Вл. Соловьев.       

       Темного хаоса порождение — музыка Метнера; вижу снежную митру ее, надетую на самою ночь. В наши очи глядит та ночь многодумными своими очами; непонятные свои она нашептывает слова. Тютчев услышал воющий шепот ночи: и ему ответил тревожным заклятьем он:

              О, страшных песен сих не пой
              Про древний хаос, про родимый.

[Ф.] Тютчев.       

       Все мы знаем в себе темный хаос бессознательности: этот хаос выкинул нас на берег всяческой жизни; берега жизни отовсюду подмываются хаосом. Будет час — и стихия хлынет о берег свой; и сознание наше заплавает в хаосе. Вот почему нам ночь страшна. Вот почему нам страшна многодумная ночь, разрывающая порой снежное кружево Метнеровских арабесок.
       Метнер — певец хаоса. Страшен ли он?.. Мы знаем детство. Мы помним проблески сознания первых детских оставшихся лет. Стихия непонятного, неизречимого, темного омывает младенчество радугой кошмаров. Страшные сны, от которых дети кричат по ночам, часто — первые проблески сознательной жизни в темном рое предвечного. Юные воспоминания о моей жизни — связываются для меня с меня посетившим снегом. И когда, потом, измериваю я поток времени, над которым меня возвысили мои годы, первые детские сны вспоминаю сначала я; а потом уже вспоминаю я события действительного; детство мое для меня зачато в снах и из снов я вышел.
       Но детство мое есть прообраз всякого детства; младенчество мира, жизни, человечества прообразует детство; и если борьбою с ужасами первых снов для меня окрашены первые жизненные воспоминания, то борьба эта — ужас, встающий над человечеством, осознавшим свою убогую жизнь в лесах среди диких зверей и людей им подобных.
       Этот ужас есть преследующий человека рок; первое сознание, первый завоеванный материк земли вместе с тем первое единоборство с хаосом, первое дерзновенное, первое обетование, первое обетование о победе над роком; и первая трагедия — в этой борьбе, ибо в страхе трагедии нет.
       Всякая религия есть стремление человечества в недрах ночи явить чрез себя ночь упраздняющий свет в победном образе Богочеловека. Это грядущее человечество предстает тогда в образе светлой дочери хаоса. Идея религий человечества вскрыта и всячески проведена в истории мысли (Фейербах, Конт, Шеллинг, Вл. Соловьев).
       Вой стихий, искони человеку враждебных, поет, кричит, голосит в многосложной, как сети перекрещивающихся рукавов метельных, музыке Метнера. Самый водопад звуков, низвергающийся на нас, напоминает хаос.

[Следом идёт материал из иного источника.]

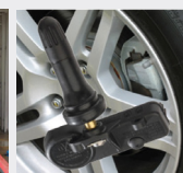
Tire Pressure Monitoring Sensors
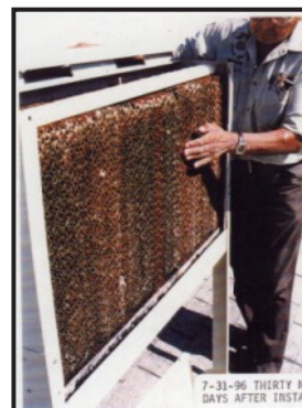
THIRTY-NINE DAYS AFTER INSTALL
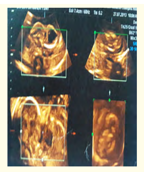
Figure 4: USG of whole abdomen showing incomplete spine along the right abdomen, lobulated clear cystic area is seen in left hypochondrium, fetal hearts could not be seen, bowel loops and intestinal loops are compressed posteriorly.
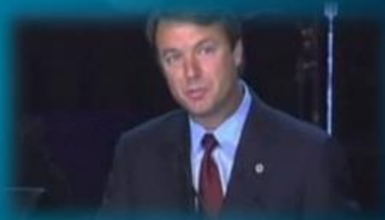
Senator John Edwards September 11, 2004

"The bricks have fallen, but we will build with dressed stones; the sycamores have been cut down, but we will put cedars in their place."
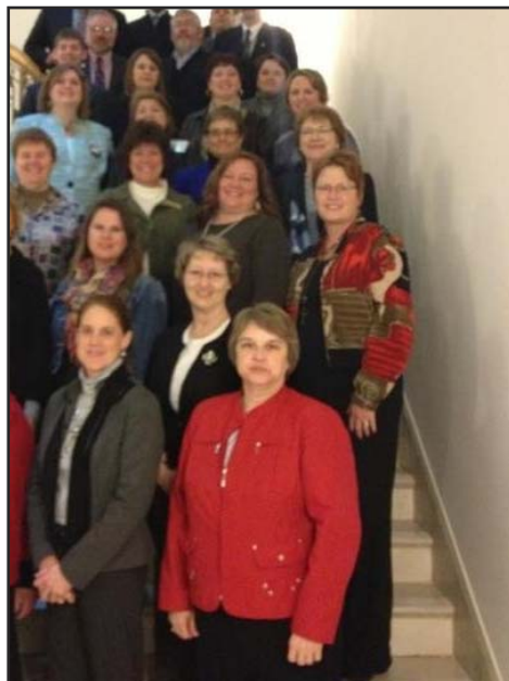
↑ Senator Blunt met with the Missouri ACTE delegation and discussed education issues.
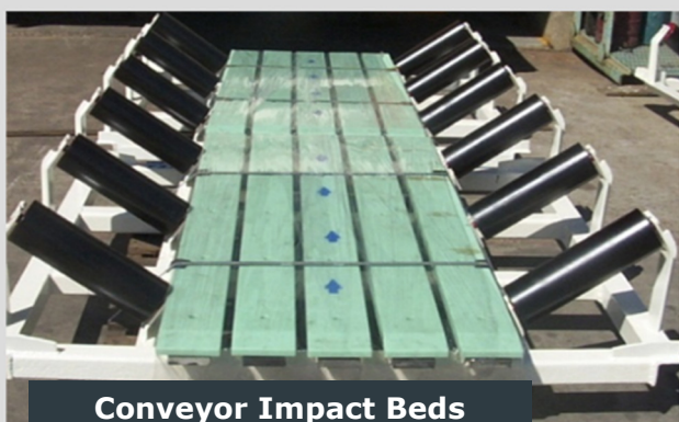
Conveyor Impact Beds

Самое проведение музыкальной темы сложнее, нежели у сложнейших композиторов нашего времени. Ничего мы не слышим, кроме потока, разбивающегося на десятки друг друга бьющих потоков. Но в брызгах этих потоков встает перед нами седмицветная радуга. Седмицветная радуга кажется нам сперва произвольным порождением хаоса, случайно начертанным на его ревущих волнах. Но законы преломления света, но связь света с теплом и движением глубже вскрывают перед нами тайный смысл мирового хаоса: что его и нет больше; что хаос есть только не услышанный гармонии полнозвучный хор мировой. Радуга неизбежна там, где ревет перед нами хаотический водопад. Хаос без света и свет без хаоса теперь невозможны. Хаос без света и свет без хаоса не создали бы нам текущего мира сего; хаос есть плоть света. Дух без плоти и плоть без духа — мертвые отвлеченья бессильных потугов человеческого ума.
       Это единство света и тьмы, слова и бессловесного, начала и конца, хаоса и его светлой дочери невольно и подчеркивается перед нами, когда мы слушаем музыку Метнера.
       Язычество — первей христианства; в язычестве — множество ступеней, соединяющих его с откровением Христовым; свет — начало и конец, альфа и омега откровения Христова. И из ужаса перед хаосом возникает трагедия эллинов; но сама эта трагедия вовсе не хаос; она — проповедь победы; она путь осветляющего очищения; в страдании рисует она перед нами ступени лестницы, соединяющей свет и тьму.
       Ужас перед стихией бессознательности господствовал на первых ступенях религиозного развития человечества; дальше — бессознательность переходит в сознание мировой души. Хаос, тьма, бессознательность теперь лишь — тело сознания. Самый хаос становится упраздняемой частью его светлой дочери.
       Смутный ужас перед бессознательностью лучше всех в человечестве выразил Тютчев; лучше всех в человечестве выразил он условную правду первых религиозных ступеней. Но до подлинной трагедии — не возвысился Тютчев; и от ужаса не освободился нисколько он. Он только не глядел в ужас, старался его позабыть и не вспоминать. Оттого-то правдиво так звучит его крик:

О, страшных песен тех не пой!

       До трагедии Пушкин возвысился. И он выдал хаос и жизнью, и художественным прозрением: с «парок бабьим лепетаньем», с «жизни мышьей пискотней» сравнил Пушкин океан бессознательного, каждодневно, каждочасно подмывающий берега нашей жизни. И Пушкин не сказал этому хаосу, как Тютчев: «не пой». Наоборот, жадно вслушивался он в этот ночной, темный язык жизни.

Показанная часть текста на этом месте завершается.